• Work task: Repeat what the lines below say, word for word, and skip every image.

────────────────

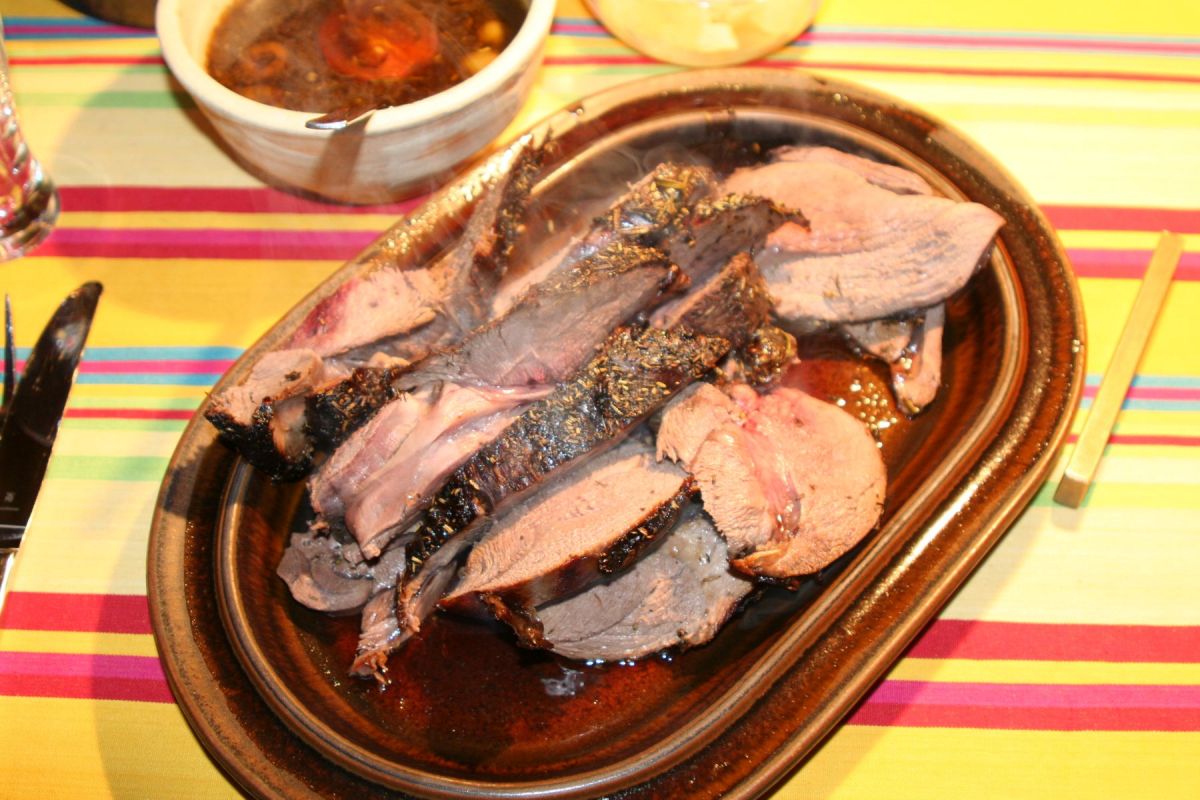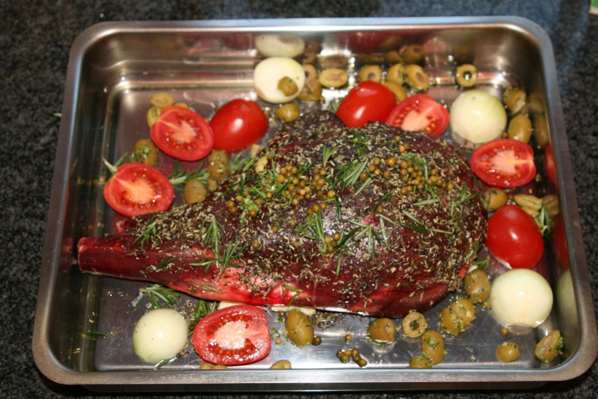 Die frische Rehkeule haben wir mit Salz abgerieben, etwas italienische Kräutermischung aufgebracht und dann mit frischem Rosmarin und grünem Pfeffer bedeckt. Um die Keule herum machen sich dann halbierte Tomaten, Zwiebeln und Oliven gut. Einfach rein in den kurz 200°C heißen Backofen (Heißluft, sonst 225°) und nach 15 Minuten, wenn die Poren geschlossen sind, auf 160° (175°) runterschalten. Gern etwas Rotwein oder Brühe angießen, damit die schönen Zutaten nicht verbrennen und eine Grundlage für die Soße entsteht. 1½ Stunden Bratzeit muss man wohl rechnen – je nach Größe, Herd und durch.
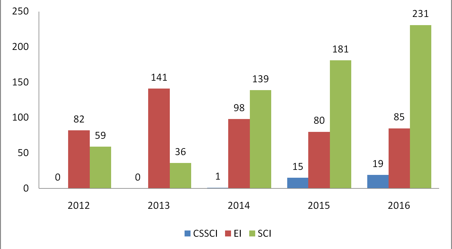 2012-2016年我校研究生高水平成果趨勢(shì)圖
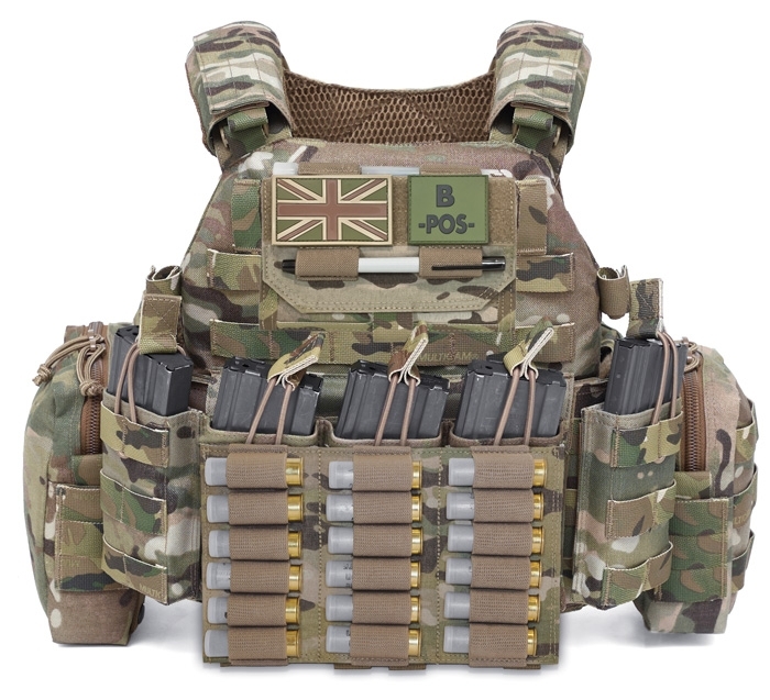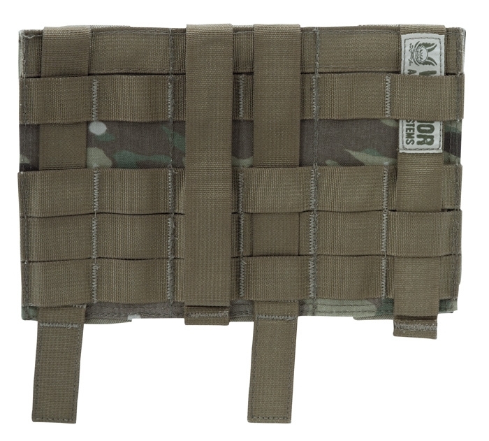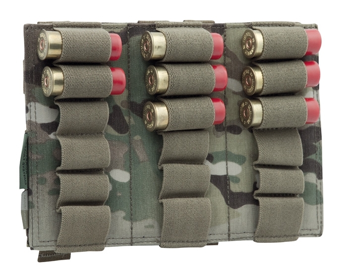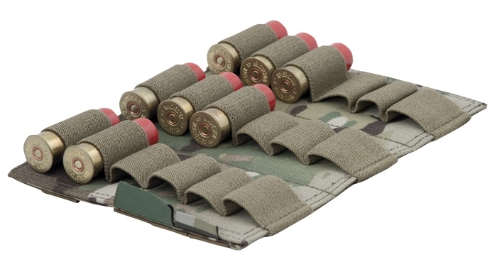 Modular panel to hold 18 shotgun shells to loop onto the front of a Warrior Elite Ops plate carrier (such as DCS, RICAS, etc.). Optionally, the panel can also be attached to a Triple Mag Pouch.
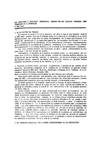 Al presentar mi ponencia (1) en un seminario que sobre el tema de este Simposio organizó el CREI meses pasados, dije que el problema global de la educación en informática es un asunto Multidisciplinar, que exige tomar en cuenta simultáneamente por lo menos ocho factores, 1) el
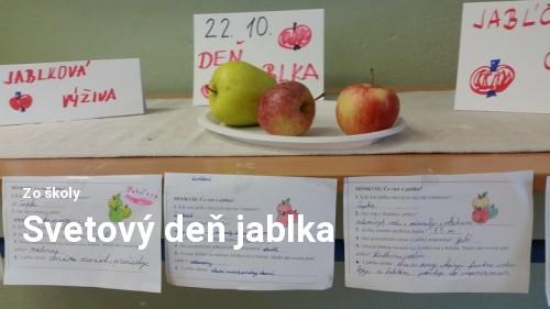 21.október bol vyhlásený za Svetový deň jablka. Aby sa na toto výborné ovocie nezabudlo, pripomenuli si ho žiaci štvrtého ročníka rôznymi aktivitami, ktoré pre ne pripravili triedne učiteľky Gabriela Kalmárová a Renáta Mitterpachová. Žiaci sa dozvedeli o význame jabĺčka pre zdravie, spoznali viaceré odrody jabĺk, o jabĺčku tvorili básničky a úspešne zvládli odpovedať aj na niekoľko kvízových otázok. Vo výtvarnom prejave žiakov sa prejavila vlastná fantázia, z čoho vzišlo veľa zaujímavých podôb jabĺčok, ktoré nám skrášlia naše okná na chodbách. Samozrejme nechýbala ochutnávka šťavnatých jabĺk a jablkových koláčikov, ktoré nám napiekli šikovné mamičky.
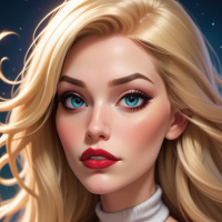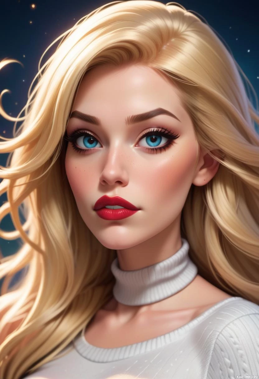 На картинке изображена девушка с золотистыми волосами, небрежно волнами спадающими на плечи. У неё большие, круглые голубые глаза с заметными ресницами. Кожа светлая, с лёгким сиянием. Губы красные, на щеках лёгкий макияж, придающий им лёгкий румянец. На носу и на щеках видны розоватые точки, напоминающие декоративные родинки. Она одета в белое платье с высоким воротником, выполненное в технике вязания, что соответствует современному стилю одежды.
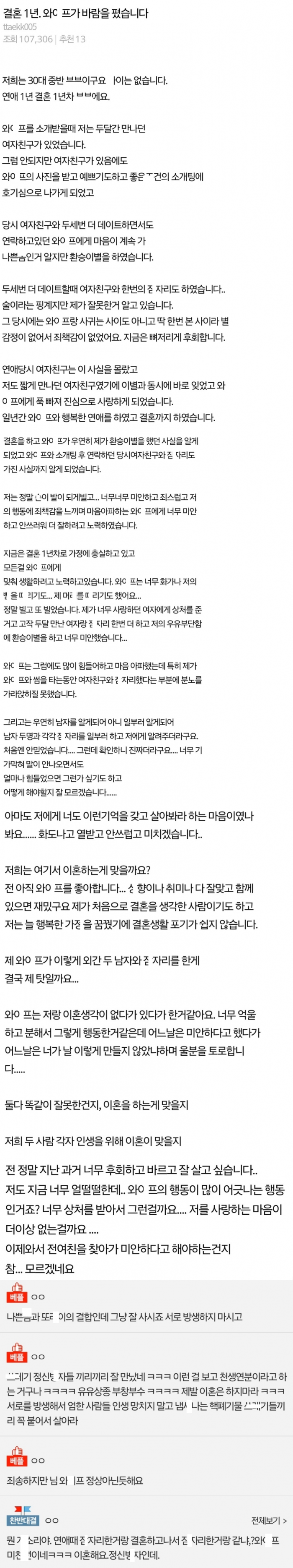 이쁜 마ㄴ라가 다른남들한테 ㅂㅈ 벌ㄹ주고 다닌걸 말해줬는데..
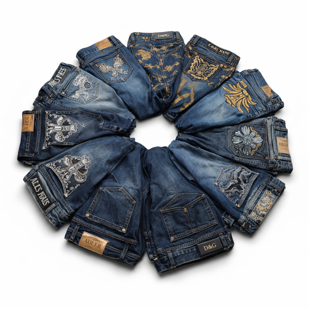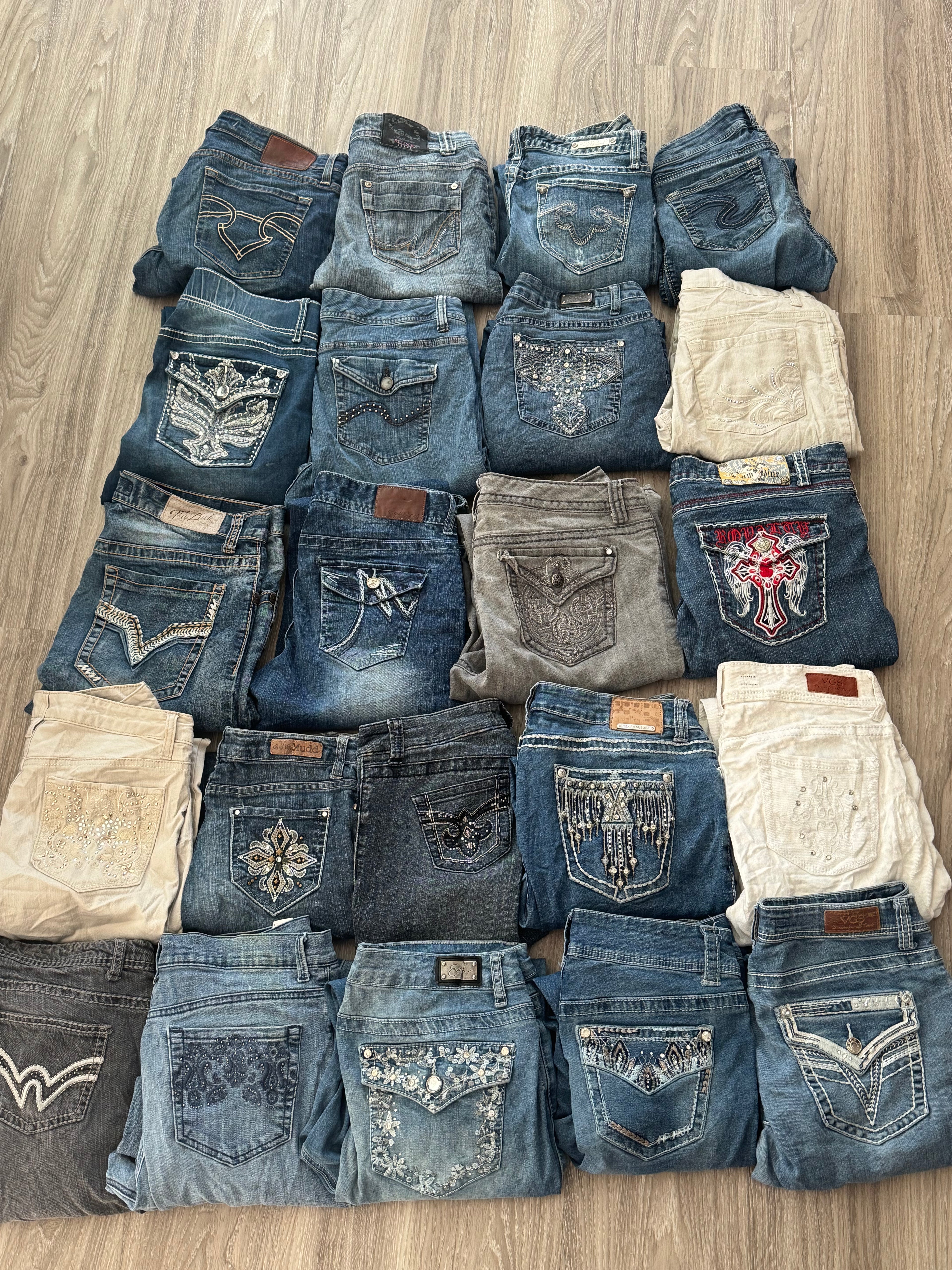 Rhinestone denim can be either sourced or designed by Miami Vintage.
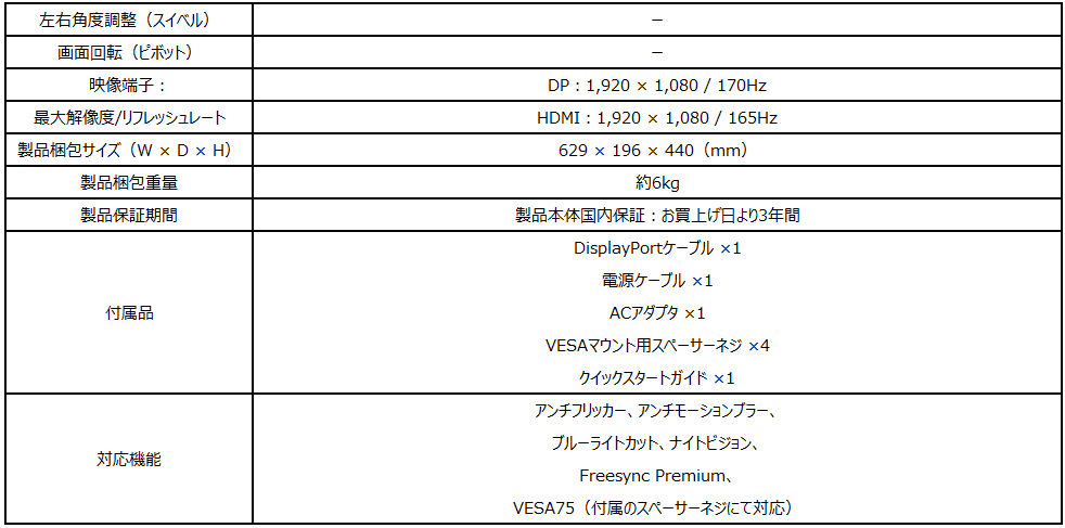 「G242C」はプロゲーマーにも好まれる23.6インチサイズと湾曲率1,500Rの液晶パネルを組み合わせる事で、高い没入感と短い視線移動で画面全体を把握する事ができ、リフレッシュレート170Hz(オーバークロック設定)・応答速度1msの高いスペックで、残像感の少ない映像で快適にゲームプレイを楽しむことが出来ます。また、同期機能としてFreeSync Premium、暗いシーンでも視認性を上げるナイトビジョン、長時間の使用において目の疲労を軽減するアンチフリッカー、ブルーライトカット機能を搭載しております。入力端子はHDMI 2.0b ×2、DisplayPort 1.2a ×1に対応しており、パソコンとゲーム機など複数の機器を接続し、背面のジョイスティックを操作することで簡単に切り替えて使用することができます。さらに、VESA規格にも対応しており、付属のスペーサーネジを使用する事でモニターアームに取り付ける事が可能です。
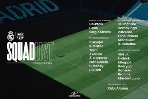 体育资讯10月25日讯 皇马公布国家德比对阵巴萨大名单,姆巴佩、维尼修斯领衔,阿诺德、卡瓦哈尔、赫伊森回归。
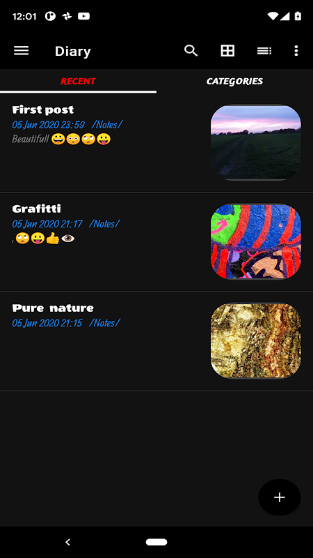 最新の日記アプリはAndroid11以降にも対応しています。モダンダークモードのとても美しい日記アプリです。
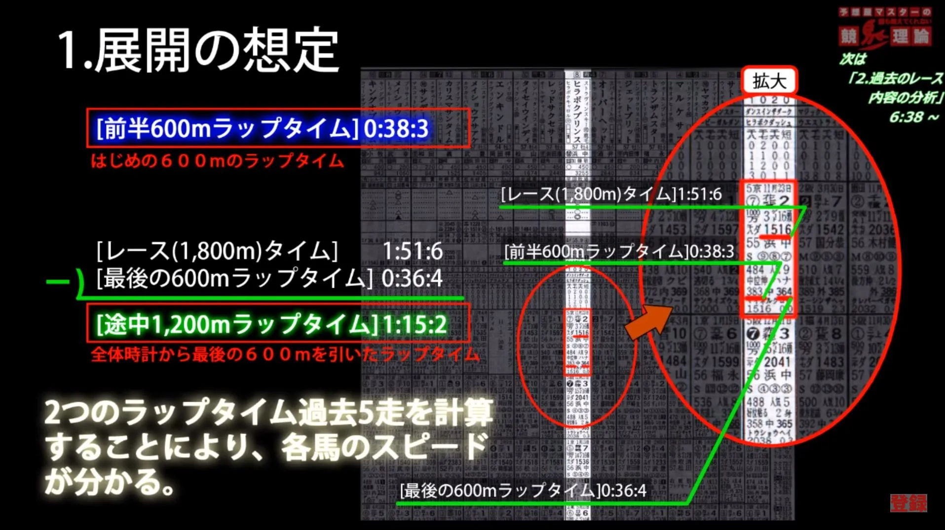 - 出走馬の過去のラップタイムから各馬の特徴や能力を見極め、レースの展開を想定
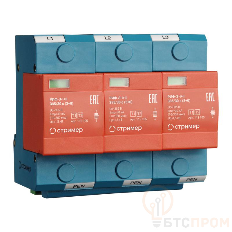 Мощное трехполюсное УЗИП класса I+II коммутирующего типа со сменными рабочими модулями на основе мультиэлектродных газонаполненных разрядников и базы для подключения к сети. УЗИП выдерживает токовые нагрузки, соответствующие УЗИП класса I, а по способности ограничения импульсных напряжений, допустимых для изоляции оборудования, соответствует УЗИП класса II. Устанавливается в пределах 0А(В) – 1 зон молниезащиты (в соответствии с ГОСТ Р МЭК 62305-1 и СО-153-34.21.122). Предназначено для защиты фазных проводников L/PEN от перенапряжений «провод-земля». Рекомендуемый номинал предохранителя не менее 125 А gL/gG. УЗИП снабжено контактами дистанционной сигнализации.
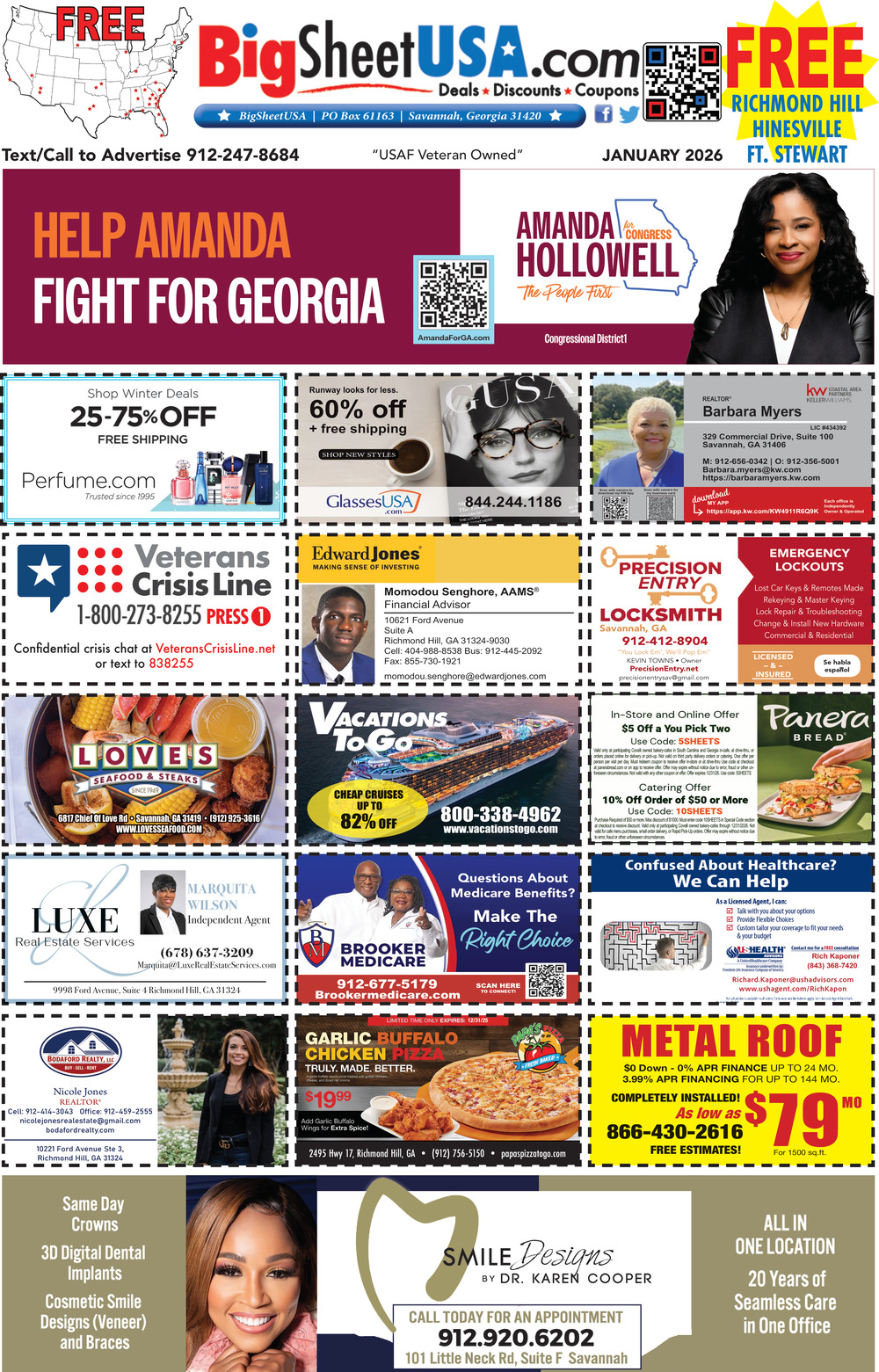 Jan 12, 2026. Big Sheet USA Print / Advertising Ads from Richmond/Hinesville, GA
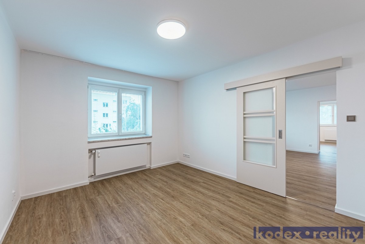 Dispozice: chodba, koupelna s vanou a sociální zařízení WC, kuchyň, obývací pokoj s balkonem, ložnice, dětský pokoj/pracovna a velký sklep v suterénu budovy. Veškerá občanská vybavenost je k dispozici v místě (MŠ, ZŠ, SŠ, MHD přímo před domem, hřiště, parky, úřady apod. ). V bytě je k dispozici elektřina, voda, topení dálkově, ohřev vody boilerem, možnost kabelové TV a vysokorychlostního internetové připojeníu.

────────────────

• Exercise output:
 Die frische Rehkeule haben wir mit Salz abgerieben, etwas italienische Kräutermischung aufgebracht und dann mit frischem Rosmarin und grünem Pfeffer bedeckt. Um die Keule herum machen sich dann halbierte Tomaten, Zwiebeln und Oliven gut. Einfach rein in den kurz 200°C heißen Backofen (Heißluft, sonst 225°) und nach 15 Minuten, wenn die Poren geschlossen sind, auf 160° (175°) runterschalten. Gern etwas Rotwein oder Brühe angießen, damit die schönen Zutaten nicht verbrennen und eine Grundlage für die Soße entsteht. 1½ Stunden Bratzeit muss man wohl rechnen – je nach Größe, Herd und durch.
 2012-2016年我校研究生高水平成果趨勢(shì)圖
 Modular panel to hold 18 shotgun shells to loop onto the front of a Warrior Elite Ops plate carrier (such as DCS, RICAS, etc.). Optionally, the panel can also be attached to a Triple Mag Pouch.
 Al presentar mi ponencia (1) en un seminario que sobre el tema de este Simposio organizó el CREI meses pasados, dije que el problema global de la educación en informática es un asunto Multidisciplinar, que exige tomar en cuenta simultáneamente por lo menos ocho factores, 1) el
 21.október bol vyhlásený za Svetový deň jablka. Aby sa na toto výborné ovocie nezabudlo, pripomenuli si ho žiaci štvrtého ročníka rôznymi aktivitami, ktoré pre ne pripravili triedne učiteľky Gabriela Kalmárová a Renáta Mitterpachová. Žiaci sa dozvedeli o význame jabĺčka pre zdravie, spoznali viaceré odrody jabĺk, o jabĺčku tvorili básničky a úspešne zvládli odpovedať aj na niekoľko kvízových otázok. Vo výtvarnom prejave žiakov sa prejavila vlastná fantázia, z čoho vzišlo veľa zaujímavých podôb jabĺčok, ktoré nám skrášlia naše okná na chodbách. Samozrejme nechýbala ochutnávka šťavnatých jabĺk a jablkových koláčikov, ktoré nám napiekli šikovné mamičky.
 На картинке изображена девушка с золотистыми волосами, небрежно волнами спадающими на плечи. У неё большие, круглые голубые глаза с заметными ресницами. Кожа светлая, с лёгким сиянием. Губы красные, на щеках лёгкий макияж, придающий им лёгкий румянец. На носу и на щеках видны розоватые точки, напоминающие декоративные родинки. Она одета в белое платье с высоким воротником, выполненное в технике вязания, что соответствует современному стилю одежды.
 이쁜 마ㄴ라가 다른남들한테 ㅂㅈ 벌ㄹ주고 다닌걸 말해줬는데..
 Rhinestone denim can be either sourced or designed by Miami Vintage.
 「G242C」はプロゲーマーにも好まれる23.6インチサイズと湾曲率1,500Rの液晶パネルを組み合わせる事で、高い没入感と短い視線移動で画面全体を把握する事ができ、リフレッシュレート170Hz(オーバークロック設定)・応答速度1msの高いスペックで、残像感の少ない映像で快適にゲームプレイを楽しむことが出来ます。また、同期機能としてFreeSync Premium、暗いシーンでも視認性を上げるナイトビジョン、長時間の使用において目の疲労を軽減するアンチフリッカー、ブルーライトカット機能を搭載しております。入力端子はHDMI 2.0b ×2、DisplayPort 1.2a ×1に対応しており、パソコンとゲーム機など複数の機器を接続し、背面のジョイスティックを操作することで簡単に切り替えて使用することができます。さらに、VESA規格にも対応しており、付属のスペーサーネジを使用する事でモニターアームに取り付ける事が可能です。
 体育资讯10月25日讯 皇马公布国家德比对阵巴萨大名单,姆巴佩、维尼修斯领衔,阿诺德、卡瓦哈尔、赫伊森回归。
 最新の日記アプリはAndroid11以降にも対応しています。モダンダークモードのとても美しい日記アプリです。
 - 出走馬の過去のラップタイムから各馬の特徴や能力を見極め、レースの展開を想定
 Мощное трехполюсное УЗИП класса I+II коммутирующего типа со сменными рабочими модулями на основе мультиэлектродных газонаполненных разрядников и базы для подключения к сети. УЗИП выдерживает токовые нагрузки, соответствующие УЗИП класса I, а по способности ограничения импульсных напряжений, допустимых для изоляции оборудования, соответствует УЗИП класса II. Устанавливается в пределах 0А(В) – 1 зон молниезащиты (в соответствии с ГОСТ Р МЭК 62305-1 и СО-153-34.21.122). Предназначено для защиты фазных проводников L/PEN от перенапряжений «провод-земля». Рекомендуемый номинал предохранителя не менее 125 А gL/gG. УЗИП снабжено контактами дистанционной сигнализации.
 Jan 12, 2026. Big Sheet USA Print / Advertising Ads from Richmond/Hinesville, GA
 Dispozice: chodba, koupelna s vanou a sociální zařízení WC, kuchyň, obývací pokoj s balkonem, ložnice, dětský pokoj/pracovna a velký sklep v suterénu budovy. Veškerá občanská vybavenost je k dispozici v místě (MŠ, ZŠ, SŠ, MHD přímo před domem, hřiště, parky, úřady apod. ). V bytě je k dispozici elektřina, voda, topení dálkově, ohřev vody boilerem, možnost kabelové TV a vysokorychlostního internetové připojeníu.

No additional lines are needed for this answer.